Pre workout supplements are designed to give you nutrients to enhance your workout! Increased blood flow, better mental focus, enhanced muscle pumps and increased energy are just a couple of reasons why more people are using these formulas. Most of these pre workout formulas commonly include caffeine, creatine, select amino acids, and occasionally carbohydrates. Together these ingredients combine to help you push out more reps, support blood flow to the muscle, and greater endurance. Also by taking a serving of these pre workout supplement you can also support greater recovery after exercise, which means faster results.
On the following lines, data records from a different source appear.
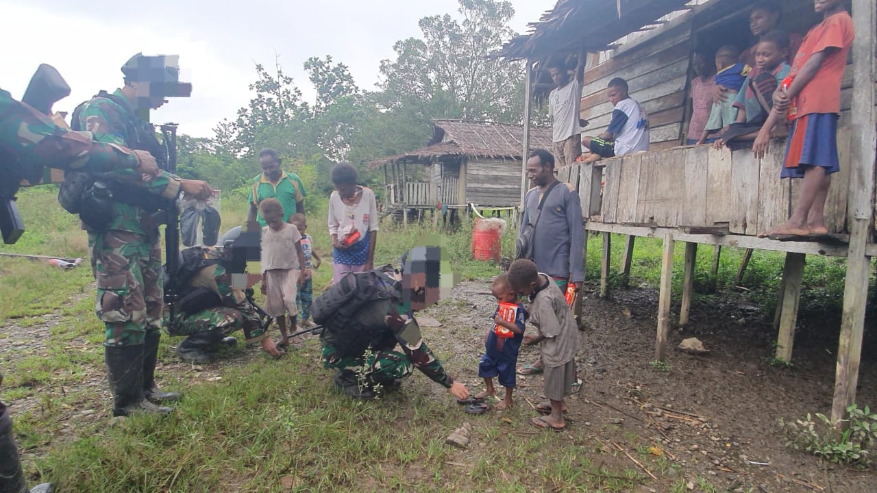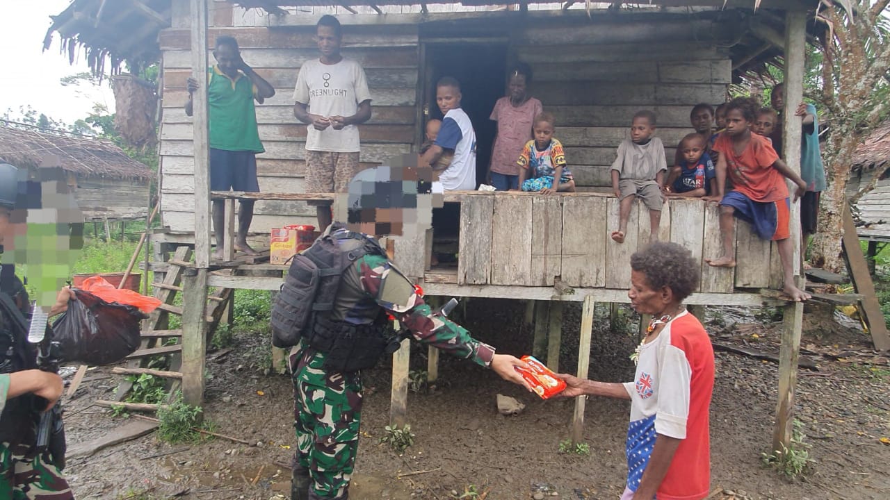 Dispen Kormar TNI Angkatan Laut (Yahukimo Papua Pegunungan). Satgas Pamtas Mobile RI-PNG melaksanakan pemberian sembako dan pegobatan secara terbatas kepada masyarakat kampung Pattipi, Selasa (21/05/2024).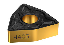 La nuance GC4405 convient pour l’ébauche continue jusqu’à la semi-finition dans des conditions stables et pour une longue durée de coupe. Elle convient à l’usinage grande avance avec des géométries moyennes, d’ébauche ou wiper dans les aciers durs supérieurs à 300 HB ou à l’usinage grande avance et/ou grande vitesse dans les aciers plus tendres inférieurs à 300 HB.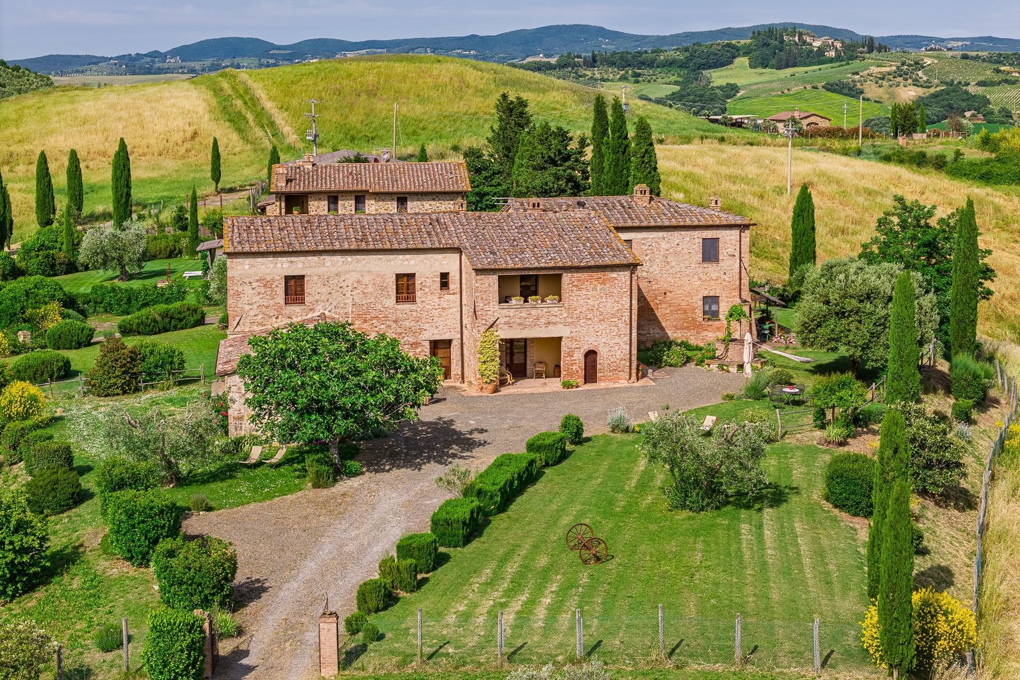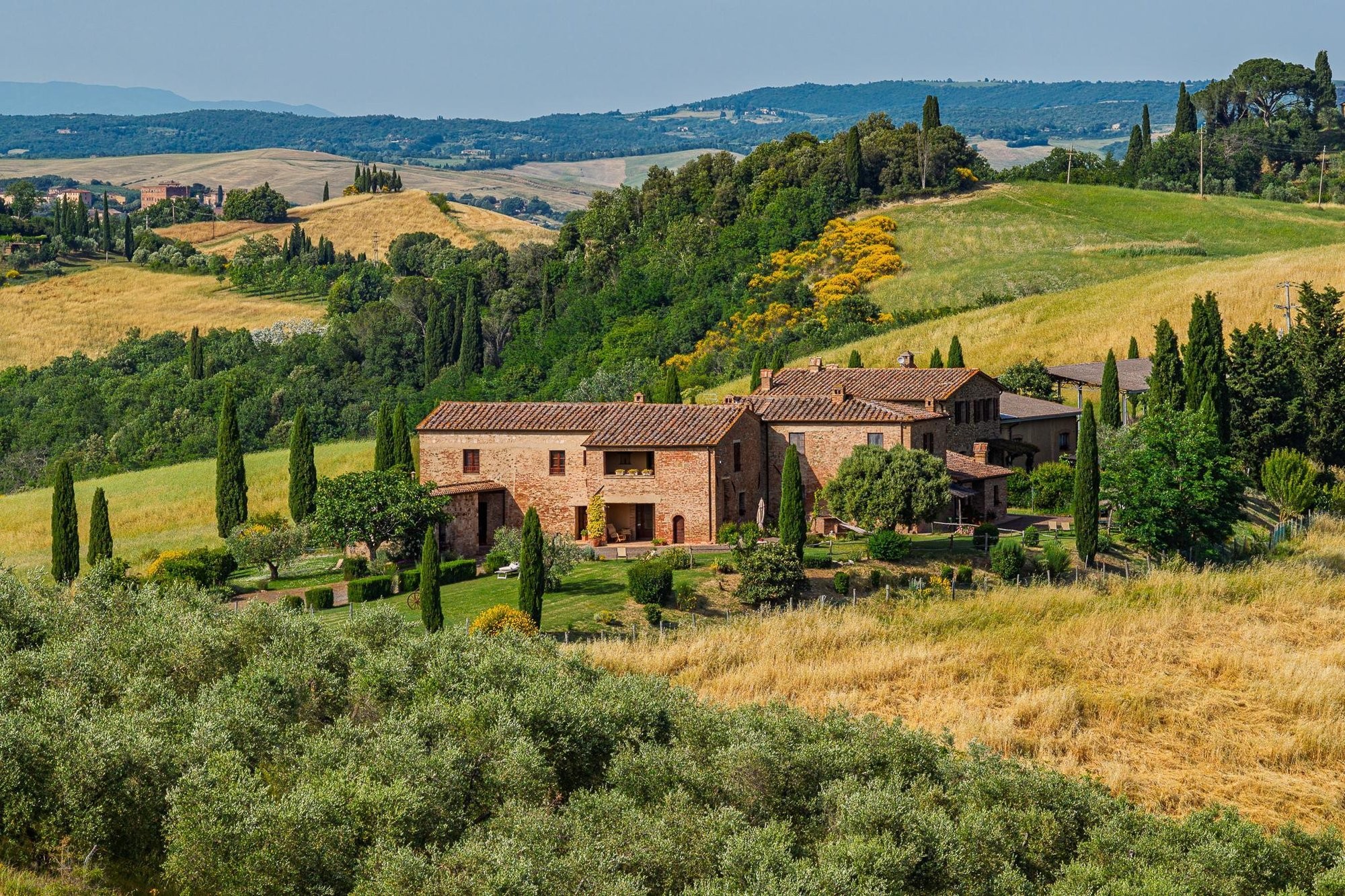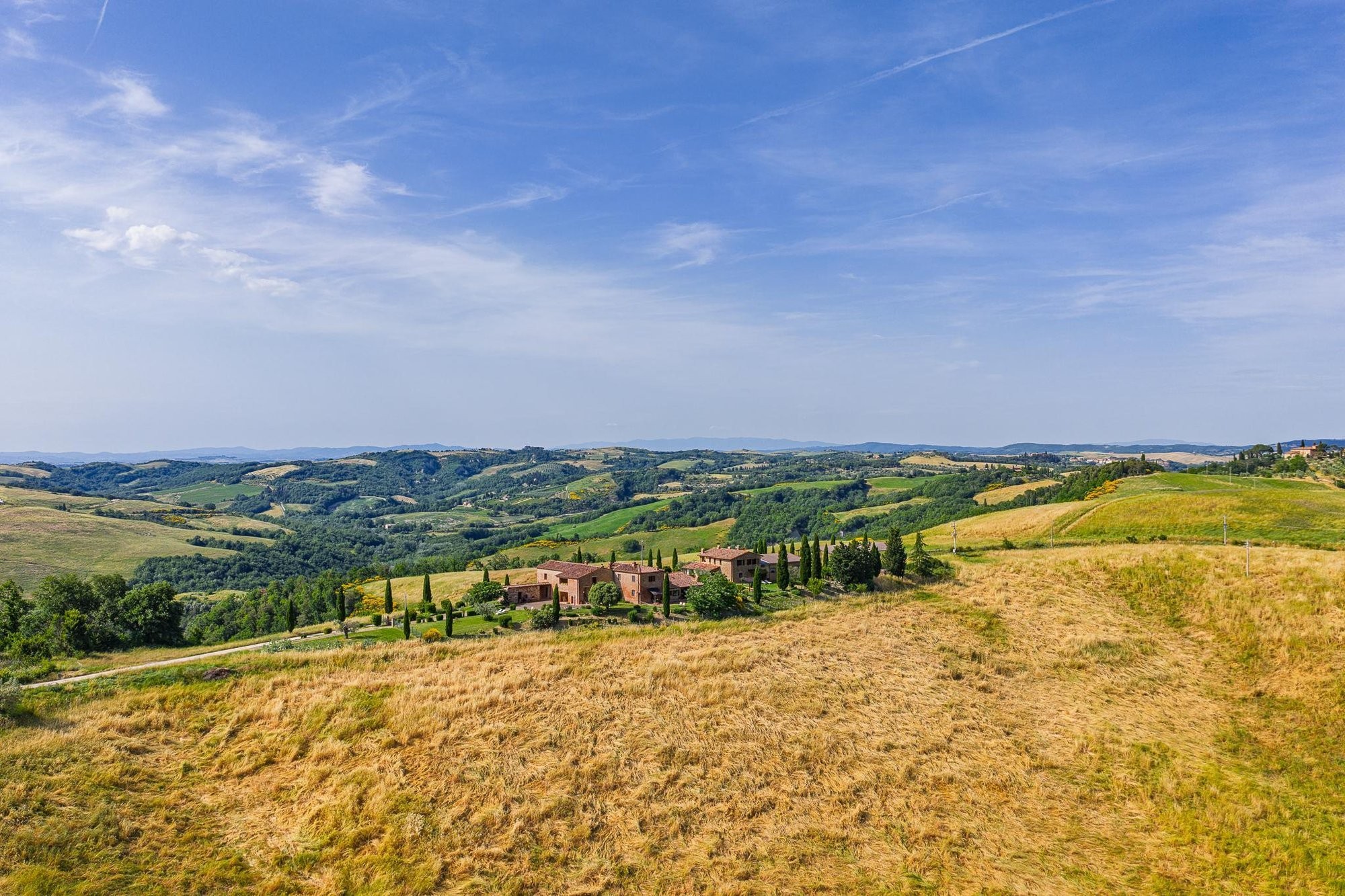 Entre les rangées de vignes du Brunello et les collines d’oliviers et de cyprès, cette propriété de 40 hectares se déploie sur un promontoire naturel dominant le Val d'Orcia. Depuis la maison principale, le regard porte sur les tours médiévales de Sienne, l’abbaye de Sant’Anna in Camprena et, par temps clair, sur les clochers gothiques de Pienza.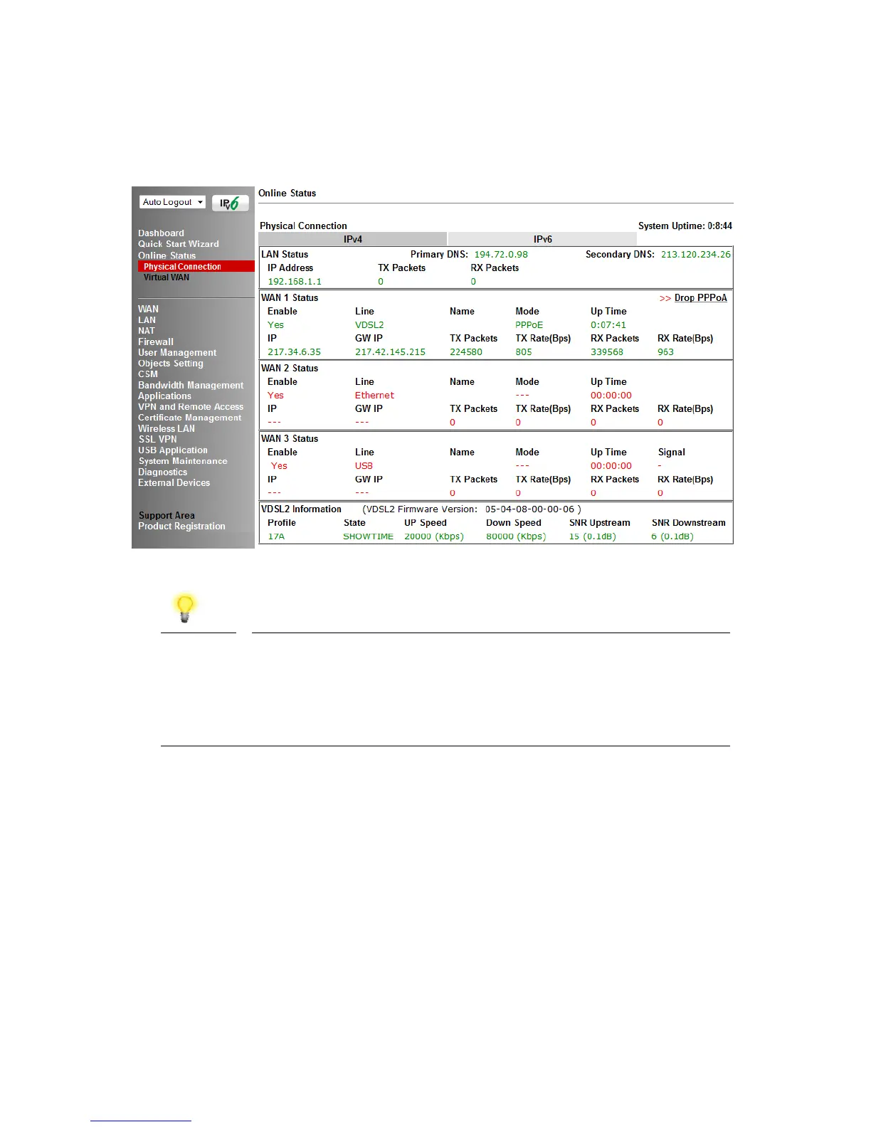 will display the VDSL information and PPP connection status, if the WAN1 section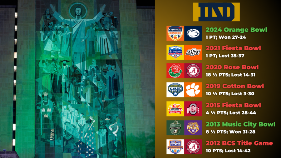 Since 2000, Notre Dame has been an eight-point or higher underdog in five postseason games and lost each time. But the Irish covered the spread in their two previous meetings with Ohio State, in 2022 and 2023.

What are some advantages and disadvantages?


• they include a combination of ingredients that give you the energy boost you need to get through intense training.

• these supplements reduce muscle breakdown and fatigue.

• they allow you to train harder and longer, which allows for greater muscle gains.


• these supplements contain caffeine and other energy boosting ingredients that may make you jittery.

• these supplements may have side effects like stomach upset, headaches, and trouble sleeping.

Why should I take a pre workout supplement?

As a person/trainer who takes a scoop of these 60% of the time, I’m not saying it is for everyone. If you struggle getting to the gym after a long day at work and need an extra boost to get to the gym and get through your workout, then one of the things I would recommend would be a pre workout supplement. Or if you’re hitting the gym every other day with everything you have and still want and extra boost to help you muscle through that last rep or two, again I would recommend a pre workout. All in all, if you’re a person who wants to hit the gym with energy and vigor every time you walk through those doors, then this supplement is right up your alley.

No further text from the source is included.